Consider the Cottage Cheese

The discussion was lively, and the food was making its rounds as we sat at my parents’ oval kitchen table. My four-year-old nephew was usually the center of attention, but today for some reason, everyone was involved in a conversation that had nothing to do with him. In fact, no one was paying attention to him until I looked over, astonished at what was happening on his plate.

“What are you doing?”

“Making a sandwich.”

“With cottage cheese?”

“’Yep!”

“Yuk! Why?”

“’Cause I asked for the ham, but nobody passed it to me.”

I think we all felt bad about not hearing him ask for the sandwich meat, but we were also amazed at his ingenuity. He had worked around his problem and ended up with a sandwich just the same.

In case you are unaware, cottage cheese is not usually sandwich material, but it was all that was within his reach. He didn’t care that no one has probably ever made a cottage cheese sandwich or that it has ever made an appearance as a menu item, and hopefully never will.

The problem of needing a sandwich was his and he decided to solve it. He wasn’t mad or upset; in fact, I think he was rather proud of himself.

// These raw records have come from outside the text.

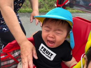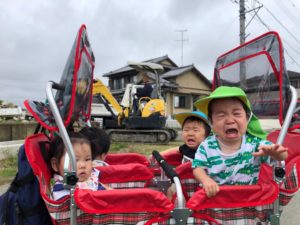 ショベルカーに、“怖い〜😭!“ とびっくり💦
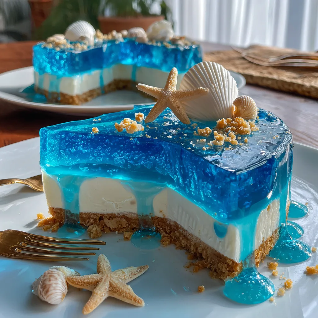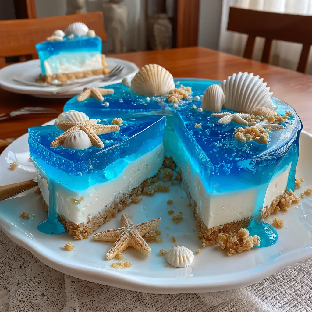 A stunning summer dessert featuring a graham cracker crust, creamy no-bake vanilla cheesecake, and a bright blue gelatin ocean layer, decorated with white chocolate seashells.
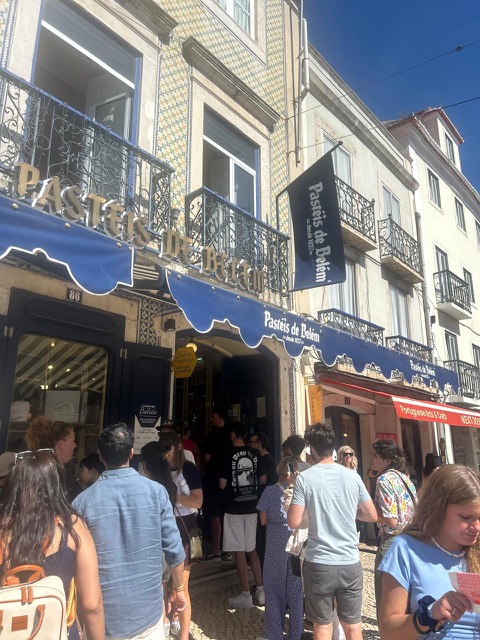 A short stroll from Chiado and we head to Rua dos Correeiros (above a site that reveals over 2500 years of Lisbon’s history under one of its busiest sites). Then to Rua August, where people line restaurants and street musicians perform. We head to Confeitaria Nacional, one of Lisbon’s oldest and most famed pastry shops and for nearly two centuries the official royal confectioner, bustles with visitors.
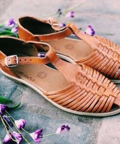 Womens Handmade Flower Buckle Thick Heel Sandals
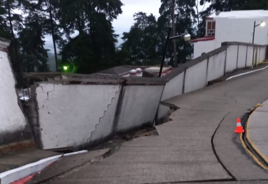 Internautas compartieron en redes sociales el momento exacto en el que un muro de contención cae debido a la saturación del suelo, esto derivado a las intensas lluvias de las últimas horas.
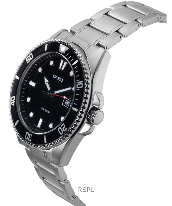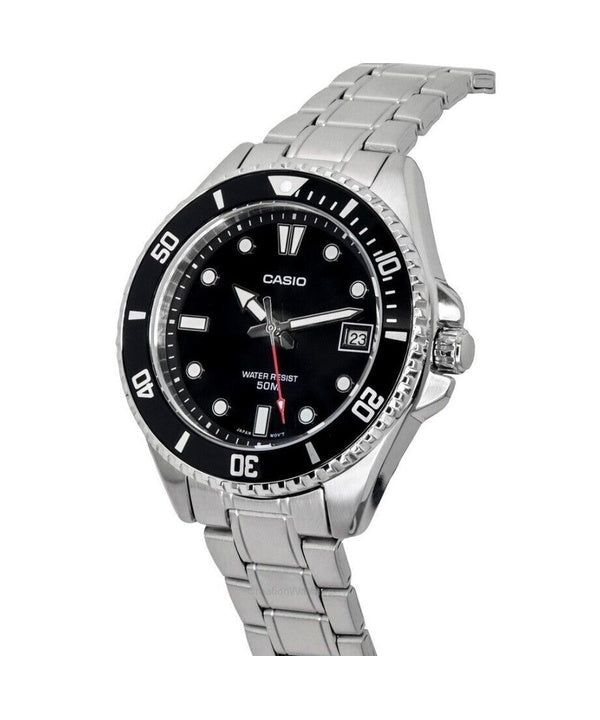 Casio Standard Analog Stainless Steel Black Dial Quartz MDV-107D-1A1 200M Mens Watch
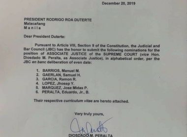 (Eagle News)-The Judicial and Bar Council has shortlisted five people to the post of associate justice in the Supreme Court. In the shortlist submitted to President Rodrigo Duterte were Manuel M. Barrios, Samuel M. Gaerlan, Ramon Garcia, Jhosep Lopez, Jose Midas Marquez and Eduardo Peralta Jr. Majority of those in the shortlist are CA justices: Gaerlan, Barrios, Garcia, Lopez and Peralta. Marquez is the Supreme Court administrator. The shortlist was signed by JBC chair Chief […]
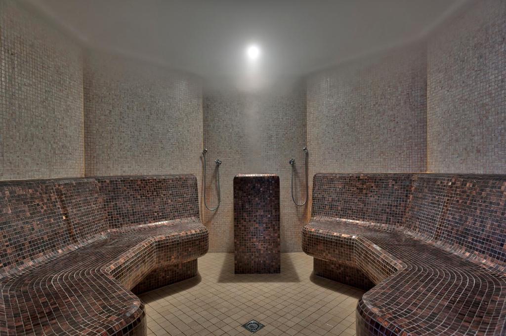 Come ospiti potrete utilizzare liberamente la palestra e i servizi benessere, mentre i massaggi prevedono un costo aggiuntivo. Entrambe le piscine dispongono di una funzione idromassaggio e presentano dimensioni particolarmente spaziose: quella coperta misura 200 m², mentre quella all'aperto ammonta a 500 m². Presso la spa troverete invece una sauna e un bagno turco.
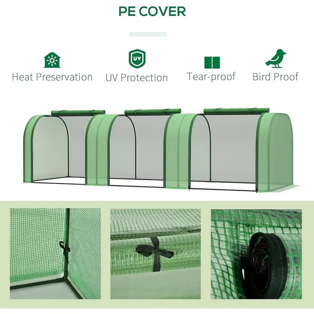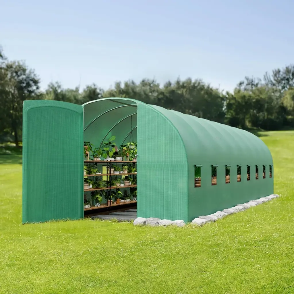Discover the ultimate solution for your gardening needs with our Heavy Duty Large Walk-In Greenhouse, designed for both outdoor and indoor use. Crafted with a reinforced iron frame and durable PE cover, this greenhouse offers exceptional strength and stability, ensuring your plants are protected from harsh weather conditions year-round. The spacious dome design provides ample room for your flowers, plants, and seedlings to thrive, making it perfect for both hobbyists and serious gardeners.Featuring a convenient roll-up door, you can easily access your plants while maintaining optimal ventilation to promote healthy growth. The triple-layered PE cover is UV resistant and waterproof, shielding your garden from excessive sunlight, rain, and wind. Its portable and compact design allows you to move and set up the greenhouse effortlessly, making it ideal for any garden, patio, or backyard.Whether you are growing flowers, vegetables, or herbs, this greenhouse creates a warm and controlled environment to extend your growing season and improve plant health. The sturdy iron frame ensures durability and long-lasting use, while the transparent cover lets in plenty of natural light.Key Features:- Heavy-duty reinforced iron frame for maximum stability and durability- Large walk-in design offers ample space for various plants and gardening activities- Triple-layer PE cover provides excellent protection against UV rays, rain, and wind- Roll-up door for easy access and ventilation control- Portable and easy to assemble, perfect for both indoor and outdoor use- Ideal for flowers, plants, seedlings, and small garden setupsUpgrade your gardening experience with this reliable, versatile greenhouse that supports healthy plant growth and protects your garden throughout the seasons. Perfect for anyone looking to cultivate a thriving garden with ease and confidence.
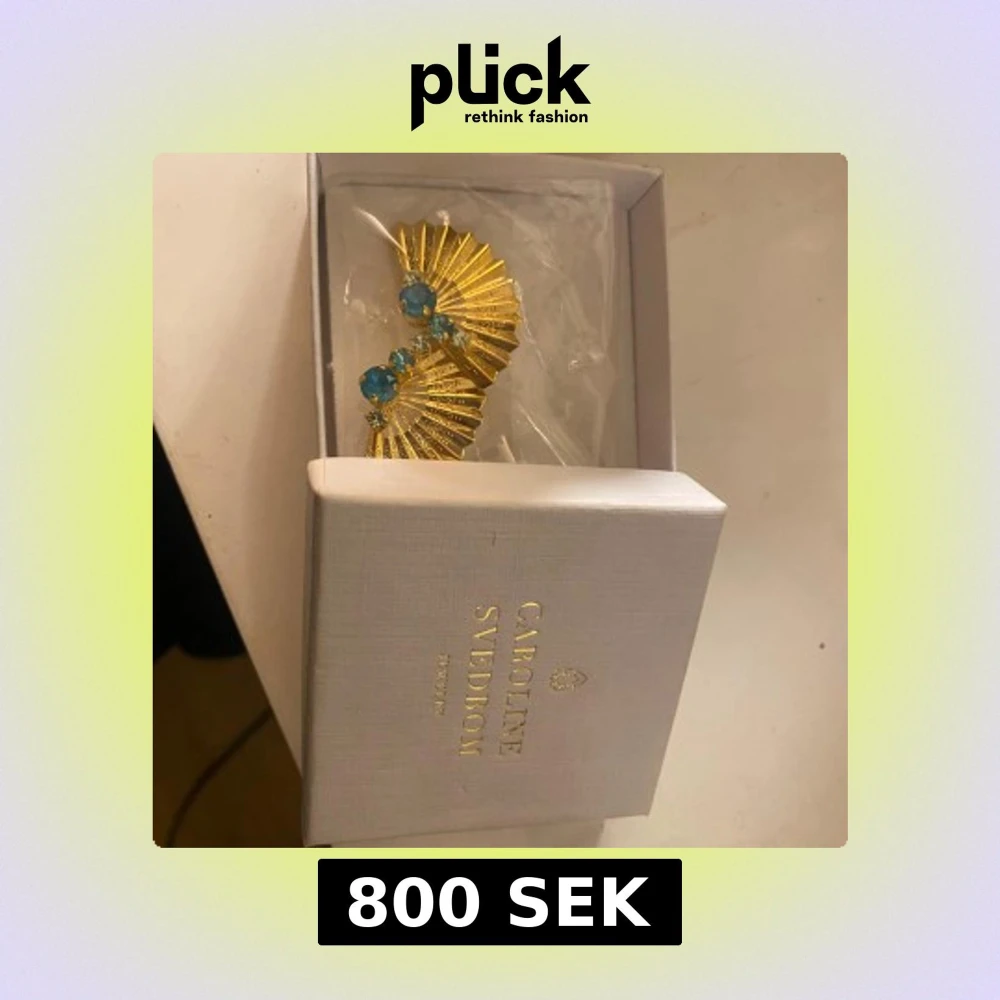 Unika örhängen från Caroline Svedbom i form av solfjädrar i guldton med blå gnistrande stenar. De har en cool, veckad design och detaljerade mönster på metallen. Perfekta för dig som vill sticka ut med ett statement-smycke.

Circumstances sometimes lie to us and tell us there’s no way, but there is almost always a way. It’s just that sometimes it’s not our way: the way we envisioned. Instead, it is the way we would never think of until we seemingly have no options.

I’m not sure what type or size of problem you are wrestling with, but maybe it’s time to consider the cottage cheese. It’s not settling for less; it’s simply trying something new, trying something you would have never considered had the ham not been within reach.

My nephew ate his cottage cheese sandwich without complaining or blaming. In fact, he acted like it was good. I’m not sure if he ever ate another cottage cheese sandwich again, but for that moment, it served its purpose.

(This story reminds me of the peanut butter and onion sandwiches my dad used to make and I wonder if that combo arose from not being able to reach the ham when he was little.)

The Apostle Paul wrote,

“I know what it is to be in need (ham is out of reach and no one is listening), and I know what it is to have plenty (the plate of ham is right in front of you).

I have learned the secret of being content in any and every situation, whether well fed or hungry, whether living in plenty or in want. I can do all this through him who gives me strength.”